AI transformation: AXA is rewriting the insurance model

AI For Business


Global insurance company AXA has embedded artificial intelligence across its core insurance operations in a change that will have a major impact on software testing, quality assurance and digital resilience within the highly regulated insurance sector.

While underwriting and pricing have long relied on historical patterns and actuarial judgment, AXA’s technology leadership outlined a strategy built around predictive, generative, and agentic AI systems.

“AI is shaping the way we engage, interact, learn, work and live, and has a profound impact on how we achieve our mission as AXA,” Matthieu Caillat, Chief Technology & AI Officer at AXA Group, explained in a recent case study.

For banking and insurance QA and software testing teams, this change is much more than experimentation and must be closely monitored. In fact, it took the team at AXA more than four years to test, pilot, and deploy new AI-powered capabilities.

Predictive models and agent AI workflows have brought new demands for validation, accuracy testing, robustness, and compliance assurance, especially as these tools move closer to core decision-making systems.

To celebrate the launch, Caillat convened AXA’s technology, data, and AI teams as well as some of the company’s business teams. “We are on a bold journey to shape the future of AI in insurance,” Cailla declared at a rally in Paris earlier this month.

He added: “The focus now is on accelerating end-to-end transformation, impactful execution, scaling across the group and delivering tangible value.”

AXA’s Technology, Data, AI and Business team in Paris earlier this month

Agent AI use cases

AXA reported more than 60 agent AI use cases in testing or partial implementation, spanning underwriting, contact centers, and claims processing.

For test teams, deployments of this scale mean continuous assessment, structured QA oversight, and control over how AI-driven automation is performed on live financial workflows.

Dr. Andreas Scherzinger

Dr. Andreas Scherzinger, AXA Group Chief Data, AI and Innovation Officer, said the insurer’s ambition is to move beyond automation to “augmented intelligence”, where human expertise teams generative and predictive models.

He told the IT-focused website Computing that AXA “designs and deploys AI solutions across the value chain,” stressing that the goal is to support and enhance human judgment, not replace it, and that its goal has a direct impact on how models are tested, validated, and managed.

A central focus for the test team was tools that support dynamic extraction, summarization, and presentation of guidance materials.

AXA highlighted that it uses Search Augmented Generation (RAG) to help insurers sift through large reference documents.

The pilot reduced average investigation time “from 10 minutes to less than 3 minutes per query,” with 86% of users rating the tool 8 out of 10 and expressing confidence that they had considered all relevant guidance.


“We are on a bold journey to shape the future of AI in insurance.”

– Matthew Kaiya


To QA specialists, that performance metric resembled end-user validation data more than headline claims.
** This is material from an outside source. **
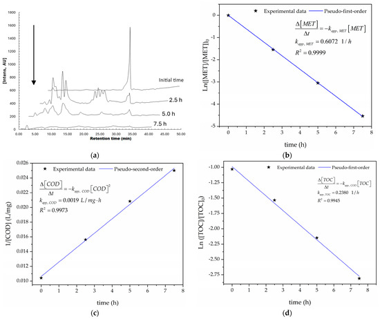 Table 1 summarizes the literature results related to the removal of MET using different treatment technologies. It can be observed that the related literature reveals the high removal efficiency of MET; however, it is worth pointing out that the treated volume used in many cases is very low, on the order of fractions of liters.
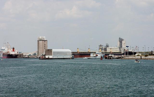 KENNEDY SPACE CENTER, FLA. - The Liberty Star tows the Pegasus barge to Port Canaveral, the last leg of its journey from the Michoud Assembly Facility in New Orleans to Kennedy Space Center. The barge carries the redesigned external fuel tank that will launch Space Shuttle Atlantis on the next shuttle mission, STS-115. A tugboat will continue the journey upriver to the Turn Basin where, after off-loading, the tank will be moved into the Vehicle Assembly Building and lifted into a checkout cell for further work. The tank, designated ET-118, will fly with many major safety changes, including the removal of the protuberance air load ramps. Photo credit: NASA/Jack Pfaller

The metrics of speed improvement and end-user reliability are similar to key validation data for QA teams, but they also reveal important testing requirements. This means ensuring that summaries are accurate, outputs are robust under a variety of conditions, and model decisions comply with regulatory standards.

In a computing case study, Schertzinger also pointed to AXA’s approach to building a common AI platform that is “open, secure, and compliant,” emphasizing that governance and secure integration are core to the company’s strategy.

For QA and testing professionals, this ecosystem has highlighted the need for rigorous integrated testing where AI components interact with established underwriting engines, policy systems, and regulatory controls.

broader strategy

AXA leaders framed this rollout as part of a broader platform strategy. The insurer said it was building one common foundation to “power agent AI across AXA,” designed around “open market standards” and aimed at maintaining “security and compliance.”

For the software testing team, that direction brought with it familiar corporate demands. Integration with underwriting and claims environments still required functional and integration testing, especially when AI tools interact with traditional policy systems and regulated decision-making chains.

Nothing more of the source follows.